▸ **ACTION ITEM**
Only some lines are wanted. Transcribe, exactly, the lines below from the line with "為深入貫徹落實《國務院辦公廳" up to and including the line with "총 11종의 치킨메뉴로 구성되어 있습니다.".

:: MATERIAL SUPPLIED ::

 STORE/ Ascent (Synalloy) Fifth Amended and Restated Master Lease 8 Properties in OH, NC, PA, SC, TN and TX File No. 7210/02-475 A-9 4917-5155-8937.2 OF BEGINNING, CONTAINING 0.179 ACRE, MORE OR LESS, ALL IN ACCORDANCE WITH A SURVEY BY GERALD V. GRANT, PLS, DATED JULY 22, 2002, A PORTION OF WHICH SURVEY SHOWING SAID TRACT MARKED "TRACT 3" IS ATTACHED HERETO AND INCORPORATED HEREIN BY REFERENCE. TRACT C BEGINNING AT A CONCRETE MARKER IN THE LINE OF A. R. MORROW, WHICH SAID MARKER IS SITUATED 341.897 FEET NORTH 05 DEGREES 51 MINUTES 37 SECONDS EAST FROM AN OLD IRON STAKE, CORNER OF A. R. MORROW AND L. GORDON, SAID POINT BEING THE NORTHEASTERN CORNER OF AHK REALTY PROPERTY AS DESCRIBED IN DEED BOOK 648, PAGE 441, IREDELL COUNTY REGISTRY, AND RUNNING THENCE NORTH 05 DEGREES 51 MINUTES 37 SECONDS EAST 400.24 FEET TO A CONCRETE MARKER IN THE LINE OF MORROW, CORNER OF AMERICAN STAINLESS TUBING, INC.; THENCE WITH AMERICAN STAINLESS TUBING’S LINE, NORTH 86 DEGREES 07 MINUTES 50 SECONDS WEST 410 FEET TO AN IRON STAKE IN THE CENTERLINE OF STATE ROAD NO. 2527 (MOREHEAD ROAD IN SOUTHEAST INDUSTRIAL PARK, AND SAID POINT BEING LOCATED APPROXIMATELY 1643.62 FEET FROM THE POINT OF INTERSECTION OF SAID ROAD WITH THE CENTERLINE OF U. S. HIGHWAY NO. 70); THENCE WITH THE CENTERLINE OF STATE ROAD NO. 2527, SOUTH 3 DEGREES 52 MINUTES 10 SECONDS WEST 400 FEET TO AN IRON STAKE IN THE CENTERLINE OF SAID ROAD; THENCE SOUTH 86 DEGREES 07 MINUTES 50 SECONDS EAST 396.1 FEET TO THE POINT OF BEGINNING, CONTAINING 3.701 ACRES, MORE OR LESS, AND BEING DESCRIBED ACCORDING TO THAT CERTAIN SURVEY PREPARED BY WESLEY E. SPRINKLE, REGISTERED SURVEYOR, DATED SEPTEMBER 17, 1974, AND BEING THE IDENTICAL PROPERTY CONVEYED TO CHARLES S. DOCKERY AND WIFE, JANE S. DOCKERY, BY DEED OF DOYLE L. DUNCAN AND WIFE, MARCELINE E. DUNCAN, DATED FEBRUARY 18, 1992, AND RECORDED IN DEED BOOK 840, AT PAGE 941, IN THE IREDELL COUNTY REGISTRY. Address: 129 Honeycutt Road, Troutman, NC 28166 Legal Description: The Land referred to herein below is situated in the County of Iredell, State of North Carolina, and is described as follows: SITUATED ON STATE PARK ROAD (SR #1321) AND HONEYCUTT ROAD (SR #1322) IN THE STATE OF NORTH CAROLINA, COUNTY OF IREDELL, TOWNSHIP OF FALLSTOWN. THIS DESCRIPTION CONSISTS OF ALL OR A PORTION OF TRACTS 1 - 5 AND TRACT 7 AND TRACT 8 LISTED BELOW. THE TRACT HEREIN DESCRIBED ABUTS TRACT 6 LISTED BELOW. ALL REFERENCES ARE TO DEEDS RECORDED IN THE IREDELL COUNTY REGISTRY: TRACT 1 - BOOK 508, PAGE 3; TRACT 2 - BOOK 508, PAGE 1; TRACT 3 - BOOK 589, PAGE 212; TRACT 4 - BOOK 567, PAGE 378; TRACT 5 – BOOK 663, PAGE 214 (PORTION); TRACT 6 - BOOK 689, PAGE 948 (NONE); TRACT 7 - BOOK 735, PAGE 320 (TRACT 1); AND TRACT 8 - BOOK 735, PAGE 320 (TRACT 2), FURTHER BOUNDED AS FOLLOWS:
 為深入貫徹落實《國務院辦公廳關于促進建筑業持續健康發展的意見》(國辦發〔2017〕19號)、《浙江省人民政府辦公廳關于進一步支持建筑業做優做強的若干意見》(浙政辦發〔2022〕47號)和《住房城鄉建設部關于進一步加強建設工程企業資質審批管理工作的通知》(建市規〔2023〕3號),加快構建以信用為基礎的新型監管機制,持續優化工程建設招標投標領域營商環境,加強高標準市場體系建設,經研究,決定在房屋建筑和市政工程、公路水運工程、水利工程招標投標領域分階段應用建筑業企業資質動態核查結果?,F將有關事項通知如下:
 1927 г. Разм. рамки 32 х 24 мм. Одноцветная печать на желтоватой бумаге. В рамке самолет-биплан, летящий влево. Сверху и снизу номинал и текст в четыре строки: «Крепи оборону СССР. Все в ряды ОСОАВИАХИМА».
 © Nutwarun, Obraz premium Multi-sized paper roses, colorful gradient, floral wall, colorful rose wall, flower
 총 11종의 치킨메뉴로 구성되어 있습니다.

:::
:: MATERIAL SUPPLIED ::

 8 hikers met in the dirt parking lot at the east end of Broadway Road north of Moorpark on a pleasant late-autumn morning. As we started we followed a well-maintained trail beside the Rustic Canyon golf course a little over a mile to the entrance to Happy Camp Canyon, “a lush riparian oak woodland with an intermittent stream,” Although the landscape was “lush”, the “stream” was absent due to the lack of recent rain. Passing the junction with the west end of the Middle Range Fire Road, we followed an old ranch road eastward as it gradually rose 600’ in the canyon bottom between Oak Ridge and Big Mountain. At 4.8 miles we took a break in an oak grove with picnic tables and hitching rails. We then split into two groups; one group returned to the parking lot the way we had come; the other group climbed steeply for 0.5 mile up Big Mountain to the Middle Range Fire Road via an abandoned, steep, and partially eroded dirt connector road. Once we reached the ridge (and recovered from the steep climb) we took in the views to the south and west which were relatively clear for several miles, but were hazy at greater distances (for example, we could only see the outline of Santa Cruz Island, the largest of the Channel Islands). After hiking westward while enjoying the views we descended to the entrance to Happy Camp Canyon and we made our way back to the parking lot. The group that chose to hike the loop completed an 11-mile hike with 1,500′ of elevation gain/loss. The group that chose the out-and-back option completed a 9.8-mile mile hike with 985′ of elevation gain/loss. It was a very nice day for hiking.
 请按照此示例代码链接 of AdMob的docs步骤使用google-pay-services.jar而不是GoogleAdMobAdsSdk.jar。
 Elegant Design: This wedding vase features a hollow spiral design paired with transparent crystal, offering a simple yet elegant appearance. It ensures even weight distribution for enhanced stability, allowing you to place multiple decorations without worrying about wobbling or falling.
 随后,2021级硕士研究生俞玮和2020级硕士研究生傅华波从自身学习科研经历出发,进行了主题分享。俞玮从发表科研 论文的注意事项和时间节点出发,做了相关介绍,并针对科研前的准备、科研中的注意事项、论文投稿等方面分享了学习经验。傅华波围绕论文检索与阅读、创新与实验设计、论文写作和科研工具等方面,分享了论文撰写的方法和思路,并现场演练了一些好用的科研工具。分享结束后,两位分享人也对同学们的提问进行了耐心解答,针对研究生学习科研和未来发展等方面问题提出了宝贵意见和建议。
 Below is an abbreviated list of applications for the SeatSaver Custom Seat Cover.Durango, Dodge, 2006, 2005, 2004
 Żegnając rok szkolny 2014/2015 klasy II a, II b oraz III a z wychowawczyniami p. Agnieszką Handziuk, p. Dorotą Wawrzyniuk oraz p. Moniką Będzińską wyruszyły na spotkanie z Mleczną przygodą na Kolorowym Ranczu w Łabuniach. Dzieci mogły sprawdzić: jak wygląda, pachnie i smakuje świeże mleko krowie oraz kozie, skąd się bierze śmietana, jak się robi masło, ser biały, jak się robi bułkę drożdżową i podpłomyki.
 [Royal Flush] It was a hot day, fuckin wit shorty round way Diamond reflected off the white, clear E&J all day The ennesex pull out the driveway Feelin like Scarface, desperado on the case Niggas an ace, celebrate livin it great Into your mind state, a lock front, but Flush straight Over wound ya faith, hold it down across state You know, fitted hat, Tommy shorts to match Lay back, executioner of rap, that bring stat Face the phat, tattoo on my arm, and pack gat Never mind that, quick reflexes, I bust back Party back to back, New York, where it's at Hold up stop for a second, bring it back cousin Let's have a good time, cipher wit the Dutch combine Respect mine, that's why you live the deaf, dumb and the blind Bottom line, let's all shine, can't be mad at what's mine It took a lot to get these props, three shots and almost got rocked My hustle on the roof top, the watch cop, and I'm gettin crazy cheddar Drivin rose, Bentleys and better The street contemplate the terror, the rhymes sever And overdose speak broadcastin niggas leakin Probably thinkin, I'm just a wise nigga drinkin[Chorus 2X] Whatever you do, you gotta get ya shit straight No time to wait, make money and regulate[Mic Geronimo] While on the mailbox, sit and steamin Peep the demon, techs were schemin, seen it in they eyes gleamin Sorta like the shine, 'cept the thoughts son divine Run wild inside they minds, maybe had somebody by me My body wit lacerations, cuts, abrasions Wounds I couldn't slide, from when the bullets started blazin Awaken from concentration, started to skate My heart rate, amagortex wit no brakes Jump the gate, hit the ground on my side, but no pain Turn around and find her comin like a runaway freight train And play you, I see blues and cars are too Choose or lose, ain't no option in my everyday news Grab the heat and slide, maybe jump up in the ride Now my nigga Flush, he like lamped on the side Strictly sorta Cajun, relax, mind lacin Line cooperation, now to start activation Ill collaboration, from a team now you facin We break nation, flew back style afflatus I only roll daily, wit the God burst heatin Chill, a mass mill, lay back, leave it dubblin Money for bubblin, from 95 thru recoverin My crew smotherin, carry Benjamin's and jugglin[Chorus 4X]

:::
:: MATERIAL SUPPLIED ::

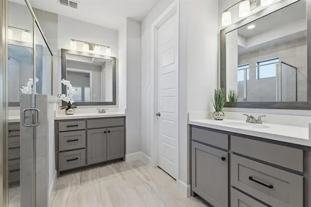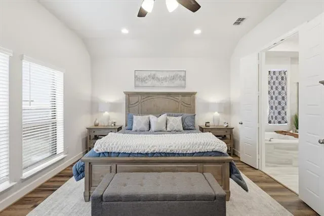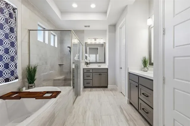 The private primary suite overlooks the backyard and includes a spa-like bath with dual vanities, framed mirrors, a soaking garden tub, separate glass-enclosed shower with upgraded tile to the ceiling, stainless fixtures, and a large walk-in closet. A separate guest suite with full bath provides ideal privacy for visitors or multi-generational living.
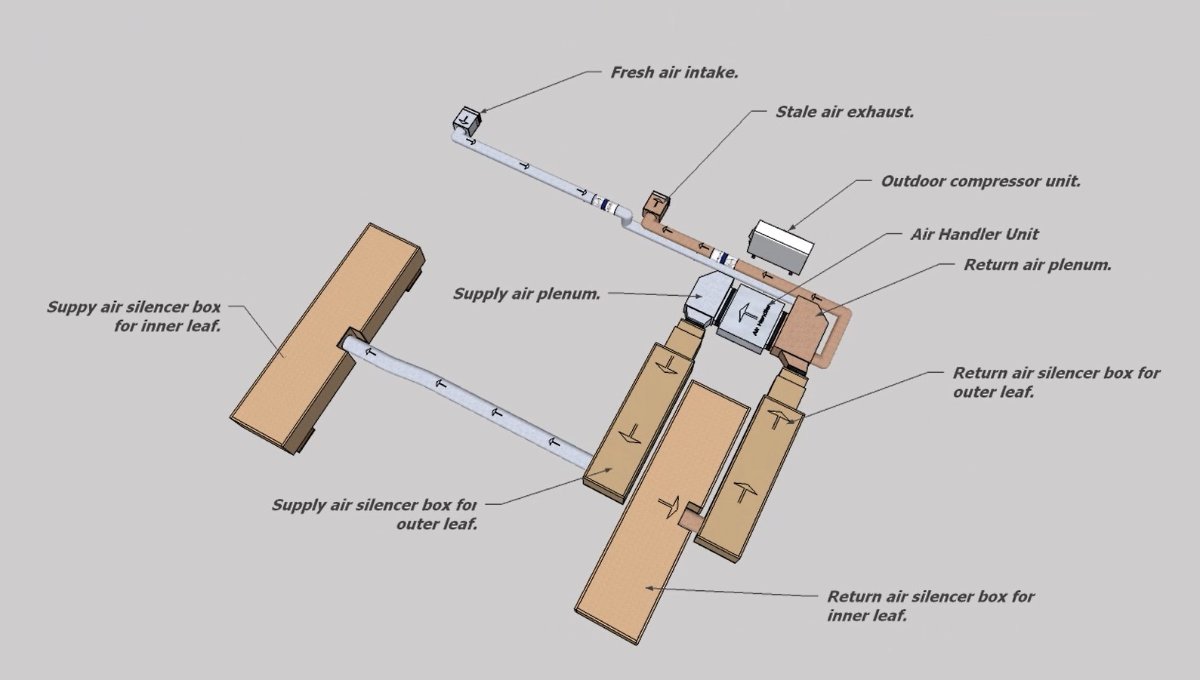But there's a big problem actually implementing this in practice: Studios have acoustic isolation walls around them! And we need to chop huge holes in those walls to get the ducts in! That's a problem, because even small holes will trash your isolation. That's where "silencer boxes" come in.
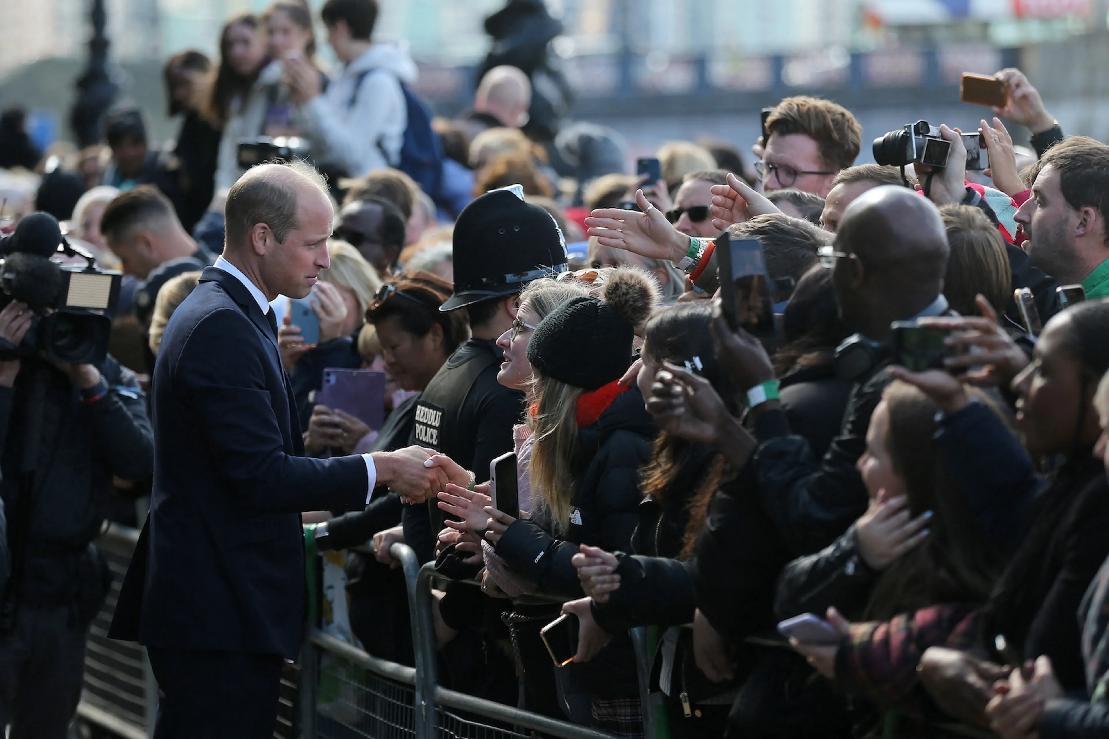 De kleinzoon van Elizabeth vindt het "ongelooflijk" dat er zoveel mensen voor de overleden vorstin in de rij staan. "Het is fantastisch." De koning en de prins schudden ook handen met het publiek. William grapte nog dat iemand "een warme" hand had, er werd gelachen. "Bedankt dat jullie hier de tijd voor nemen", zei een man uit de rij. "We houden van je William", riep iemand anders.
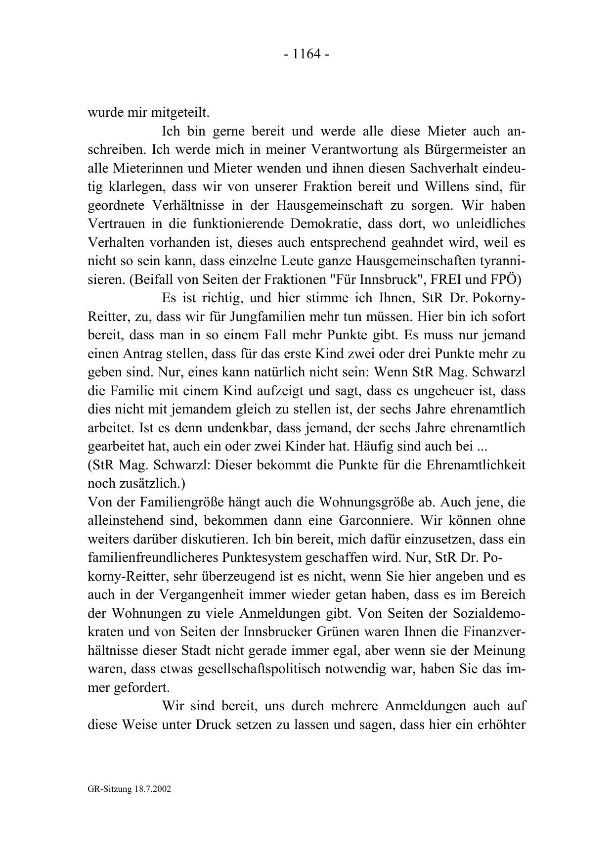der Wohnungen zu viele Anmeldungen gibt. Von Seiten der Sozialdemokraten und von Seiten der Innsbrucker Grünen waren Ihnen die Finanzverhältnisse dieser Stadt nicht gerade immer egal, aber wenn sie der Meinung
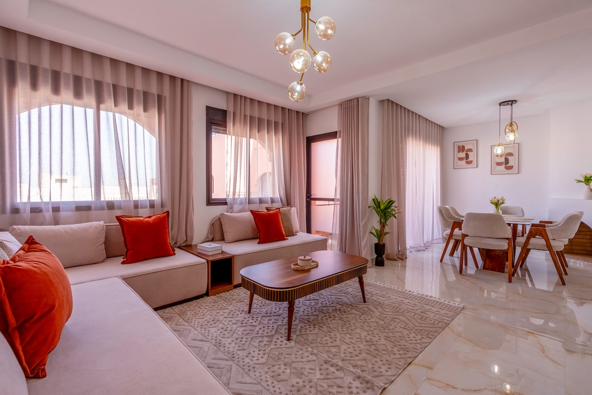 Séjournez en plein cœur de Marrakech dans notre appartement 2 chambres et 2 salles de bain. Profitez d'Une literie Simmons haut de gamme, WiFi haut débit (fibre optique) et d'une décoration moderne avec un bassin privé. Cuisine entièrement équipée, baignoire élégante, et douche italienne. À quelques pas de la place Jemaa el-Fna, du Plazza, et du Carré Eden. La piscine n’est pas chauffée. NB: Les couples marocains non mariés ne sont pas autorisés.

:::

▸ **ANSWER TO THE EXERCISE**
 為深入貫徹落實《國務院辦公廳關于促進建筑業持續健康發展的意見》(國辦發〔2017〕19號)、《浙江省人民政府辦公廳關于進一步支持建筑業做優做強的若干意見》(浙政辦發〔2022〕47號)和《住房城鄉建設部關于進一步加強建設工程企業資質審批管理工作的通知》(建市規〔2023〕3號),加快構建以信用為基礎的新型監管機制,持續優化工程建設招標投標領域營商環境,加強高標準市場體系建設,經研究,決定在房屋建筑和市政工程、公路水運工程、水利工程招標投標領域分階段應用建筑業企業資質動態核查結果?,F將有關事項通知如下:
 1927 г. Разм. рамки 32 х 24 мм. Одноцветная печать на желтоватой бумаге. В рамке самолет-биплан, летящий влево. Сверху и снизу номинал и текст в четыре строки: «Крепи оборону СССР. Все в ряды ОСОАВИАХИМА».
 © Nutwarun, Obraz premium Multi-sized paper roses, colorful gradient, floral wall, colorful rose wall, flower
 총 11종의 치킨메뉴로 구성되어 있습니다.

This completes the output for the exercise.